`glTexSubImage2D` Bottleneck Analysis: Float32 → Float16 Conversion in Mesa 25.0.7¶

Motivation¶

Profiling via Tracy revealed that glTexSubImage2D was a significant bottleneck during the resource loading phase, particularly for large HDR environment maps (4K resolution).

Problem: The OpenGL driver (Mesa) performs the Float32 → Float16 conversion on the CPU using a scalar (single-value) path, leading to high CPU usage and stalling the main thread.
Goal: Understand why Mesa does not implement vectorized conversion (AVX2/F16C) for this path, and evaluate alternatives.

Full Call Chain¶

glTexSubImage2D()                                    [src/mesa/main/teximage.c:4096]
  └─► st_TexSubImage()                               [src/mesa/state_tracker/st_cb_texture.c:2117]
        │
        ├─ 1. Fast path: texture_subdata (memcpy)     [line ~2162]
        │      → SKIPPED if source format ≠ dest format (GL_FLOAT ≠ GL_HALF_FLOAT)
        │      → Condition: _mesa_texstore_can_use_memcpy() must return true
        │
        ├─ 2. Blit-based path (GPU blit)              [line ~2198]
        │      → SKIPPED if _mesa_format_matches_format_and_type() fails
        │
        └─ 3. CPU FALLBACK: _mesa_store_texsubimage() [line ~2398]
              └─► store_texsubimage()                  [src/mesa/main/texstore.c:978]
                    └─► _mesa_texstore()               [src/mesa/main/texstore.c:1091]
                          └─► texstore_rgba()          [src/mesa/main/texstore.c:680]
                                └─► _mesa_format_convert()  [src/mesa/main/format_utils.c:278]
                                      │
                                      ├─ If src and dst are array formats:
                                      │    └─► _mesa_swizzle_and_convert()  [format_utils.c:1417]
                                      │          └─► convert_half_float()   [format_utils.c:913]
                                      │                case MESA_ARRAY_FORMAT_TYPE_FLOAT:
                                      │                  SWIZZLE_CONVERT(uint16_t, float,
                                      │                    _mesa_float_to_half(src))  ← HERE
                                      │
                                      └─ Otherwise (via float intermediate):
                                           └─► _mesa_pack_float_rgba_row() [format_pack.h:38]

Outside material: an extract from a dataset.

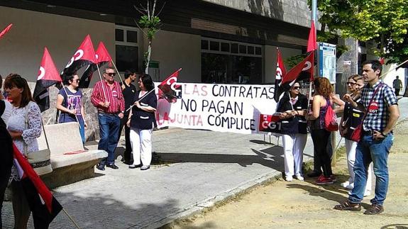 Ante ello, CGT convocó esta concentración «en defensa de los servicios públicos y de las trabajadoras que luchan y ponen en cuestión las vías de enriquecimiento de las empresas comisionistas y a los políticos sin escrúpulos a costa de la salud y el bienestar de la ciudadanía».

Files Involved (Detailed)¶

1. GL Entry Point — `src/mesa/main/teximage.c`¶

Line 4096 — _mesa_TexSubImage2D():

_mesa_TexSubImage2D(GLenum target, GLint level,
                    GLint xoffset, GLint yoffset,
                    GLsizei width, GLsizei height,
                    GLenum format, GLenum type, const GLvoid *pixels)

Dispatches to ctx->Driver.TexSubImage which points to st_TexSubImage.

2. State Tracker — `src/mesa/state_tracker/st_cb_texture.c`¶

Line 2117 — st_TexSubImage():

The state tracker attempts 3 paths, in order:

Fast path: `texture_subdata` (lines 2157-2196)¶

if (pixels &&
    !unpack->BufferObj &&
    !is_ms &&
    _mesa_texstore_can_use_memcpy(ctx, texImage->_BaseFormat,
                                  texImage->TexFormat, format, type,
                                  unpack)) {
    // ... direct memcpy via pipe->texture_subdata()
    return;
}

Failure condition: _mesa_texstore_can_use_memcpy() checks that the source format (GL_FLOAT) matches the texture format (HALF_FLOAT) exactly. It does not → skipped.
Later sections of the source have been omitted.